1. Sentiment analysis using SVM

In this assignment, we will build a model to predict the sentiment expressed in Amazon reviews. In order to build a model, we need to convert the text review into a numeric representation. We will use the textrecipes package to process the text data.

This assignment is only a first glimpse into handling text data. For a detailed introduction to text analytics in tidymodels see Hvitfeldt and Silge (2022, Supervised Machine Learning for Text Analysis in R).

The data are taken from https://archive.ics.uci.edu/dataset/331/sentiment+labelled+sentences.

You can load the data from https://gedeck.github.io/DS-6030/datasets/homework/sentiment_labelled_sentences/amazon_cells_labelled.txt

You will need to install the packages textrecipes and stopwords to complete this assignment.

  1. Setup

(1.1) Load the data. The data has no column headers.

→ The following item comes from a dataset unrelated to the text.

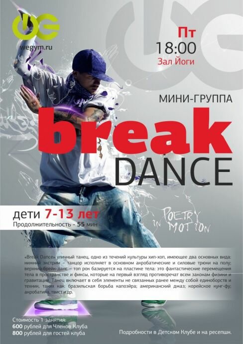 "Break Dance» уличный танец, одно из течений культуры хип-хоп, имеющее два основных вида: нижний экстрим – танцор исполняет в основном акробатические и силовые трюки на полу; верхний брейк-данс – топ рок базируется на пластике тела: это фантастические перемещения тела в пространстве и фиксы, которые на первый взгляд противоречат всем законам физики и гравитации. Танец включает в себя элементы не связанных ранее между собой единоборств и техник, таких как: бразильская борьба капоэйра; американский джаз; корейское кунг-фу; акробатика, твист и др.

Each line contains a review sentence separated by a tab character (\t) from the sentiment label (0 or 1). Create a tibble with the column names sentence and sentiment. Use the tidyverse function read_delim to load the data. The dataset has 1000 rows (the read.csv function fails to load the data correctly). Don’t forget to convert sentiment to a factor. (2 point - coding)

(1.2) Split the dataset into training (80%) and test sets (20%). Prepare resamples from the training set for 10-fold cross validation. (1 point - coding)

(1.3) Create a recipe to process the text data. The formula is sentiment ~ sentence. Add the following steps to the recipe: (1 point - coding)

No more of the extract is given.